Rall pulled away to look down on her. His eyes, so close to her own, held drowning depths, wanting her and yet holding back; his voice cracked a little into an awkward lower register. “Are you... afraid?”

She could feel the tremor of urgency running through him, and her own legs were suddenly uncertain beneath her.

“No,” she said quietly, wondering at herself as the shameless heat leapt up across her face with the truth of it. “No, Rall, I’m not afraid.”

“That’s good.” He swallowed again, his eyes wide and dark on hers. “Because— I am.”

“Oh, Rall...” Her heart ached suddenly for the admission and she held him more tightly, feeling his arms about her tremble a little to the hammering leap of his pulse. And in the end — as his mouth came down on hers at last with clumsy eagerness — beginning was easy.

Cris closed her eyes, lifting her face to his as warm, uncertain lips tried to kiss across her own. How could you embrace a mouth, after all? She’d always taken it for granted; no-one had ever mentioned this, the awkwardness as lips parted and there was nothing against which to press a kiss... His mouth slid along her upper lip, enclosing it within his own in an improvised yielding caress, and she did the same, sensing the faint riffle of the young moustache there as his mouth moved in answer against her lower lip beneath. She let him kiss all round her mouth, tender and hesitant, neither of them sure how she was to respond, then slid the point of a shy tongue into that cleft above his lip which she had longed to touch, feeling his breath hot against her cheek. His nose brushed past her own, and she abandoned kissing to rub against it, opening her eyes to find his gaze a little rueful in reply.

It was... damp, and very intimate. But it was not as simple — or as exciting — as other people made it seem.

Cris sighed and nestled into his embrace, the beat of his heart steady now and comforting. A sudden thought brought her bolt upright, eyes widening in guilty remembrance.

“Rall— I have to tell you something—”

“You’re in the resistance. I know.” His eyes had crinkled a little at the corners, laughing down at her; she had no idea whether she should be shocked or afraid or simply glad. “I’ve known it for a while, Cris.... I won’t tell.”
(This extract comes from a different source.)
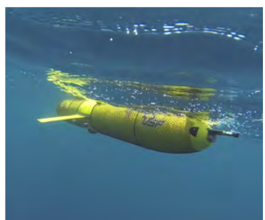
Figure 1 : Slocum glider with 200 kHz AZFP echosounder under test

One hand slid up to cup her face, turning it slightly to one side, and he leaned down to fit his mouth carefully, experimentally, sidelong over hers, lips and tongues parting on soft, shared warmth, at first cautiously and then with an almost painful hunger. And all at once it seemed that kisses could be very exciting after all.

Cris pressed closer against her lover with a gasp, letting intoxication sweep her away. If only her Angel could see them now — she spared a brief but heartfelt thought — if only he too could know how truly happy she was—

~o~

High above in the roof, surveillance camera 3V7/L754 jerked round violently on its mounting, losing focus, and burnt out in a curl of acrid smoke. The lethal overload that carried enough power to kill a man spent itself, impotently, on the insulated girder, and died like a howl of pain.

And in the far chamber beneath the Garnier Centre the images played on and on behind Erik’s closed eyes in the eternal dark; and ungloved fingers could not claw them away, or a raw throat give voice to the anguish that screamed of betrayal... and of all-consuming love.